*TASK DETAILS*:
Print the listing below exactly, minus its pictures.

*DATA SHOWN*:
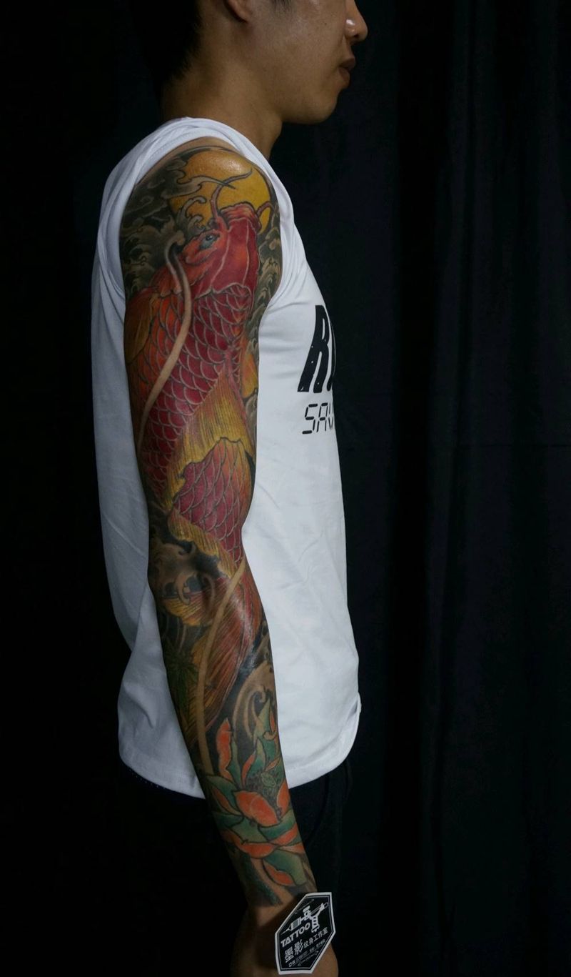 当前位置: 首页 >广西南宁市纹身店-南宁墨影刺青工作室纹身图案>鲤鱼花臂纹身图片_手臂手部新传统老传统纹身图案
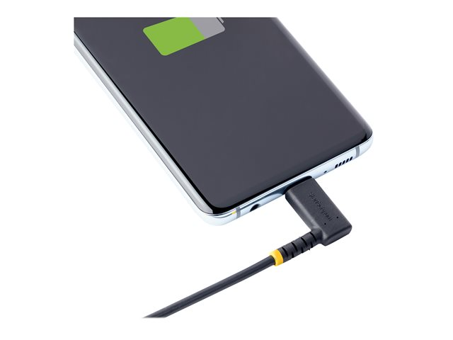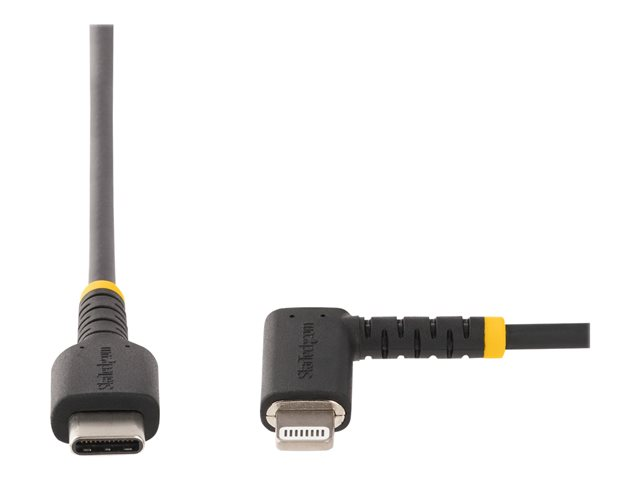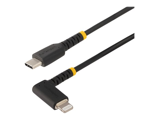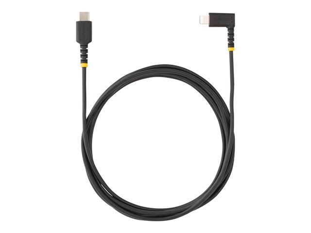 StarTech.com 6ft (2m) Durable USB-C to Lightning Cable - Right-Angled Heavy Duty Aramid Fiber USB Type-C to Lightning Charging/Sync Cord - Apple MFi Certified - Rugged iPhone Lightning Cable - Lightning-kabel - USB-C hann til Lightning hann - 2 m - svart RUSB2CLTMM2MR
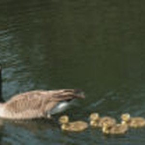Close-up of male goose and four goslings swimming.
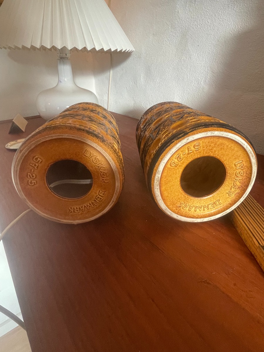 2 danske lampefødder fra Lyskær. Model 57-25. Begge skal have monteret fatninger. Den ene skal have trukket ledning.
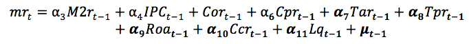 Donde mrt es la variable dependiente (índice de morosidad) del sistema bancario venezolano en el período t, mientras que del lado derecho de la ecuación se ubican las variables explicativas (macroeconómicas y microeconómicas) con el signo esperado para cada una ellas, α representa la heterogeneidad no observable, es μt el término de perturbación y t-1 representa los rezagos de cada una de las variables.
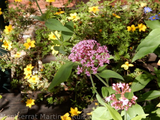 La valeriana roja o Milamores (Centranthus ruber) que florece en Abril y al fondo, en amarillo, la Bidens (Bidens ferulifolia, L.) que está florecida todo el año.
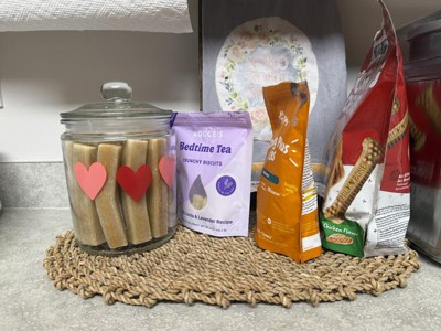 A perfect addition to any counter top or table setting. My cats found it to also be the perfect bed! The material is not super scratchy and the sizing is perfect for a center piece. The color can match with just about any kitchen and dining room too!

*SOLUTION TO THIS EXERCISE*:
 当前位置: 首页 >广西南宁市纹身店-南宁墨影刺青工作室纹身图案>鲤鱼花臂纹身图片_手臂手部新传统老传统纹身图案
 StarTech.com 6ft (2m) Durable USB-C to Lightning Cable - Right-Angled Heavy Duty Aramid Fiber USB Type-C to Lightning Charging/Sync Cord - Apple MFi Certified - Rugged iPhone Lightning Cable - Lightning-kabel - USB-C hann til Lightning hann - 2 m - svart RUSB2CLTMM2MR
Close-up of male goose and four goslings swimming.
 2 danske lampefødder fra Lyskær. Model 57-25. Begge skal have monteret fatninger. Den ene skal have trukket ledning.
 Donde mrt es la variable dependiente (índice de morosidad) del sistema bancario venezolano en el período t, mientras que del lado derecho de la ecuación se ubican las variables explicativas (macroeconómicas y microeconómicas) con el signo esperado para cada una ellas, α representa la heterogeneidad no observable, es μt el término de perturbación y t-1 representa los rezagos de cada una de las variables.
 La valeriana roja o Milamores (Centranthus ruber) que florece en Abril y al fondo, en amarillo, la Bidens (Bidens ferulifolia, L.) que está florecida todo el año.
 A perfect addition to any counter top or table setting. My cats found it to also be the perfect bed! The material is not super scratchy and the sizing is perfect for a center piece. The color can match with just about any kitchen and dining room too!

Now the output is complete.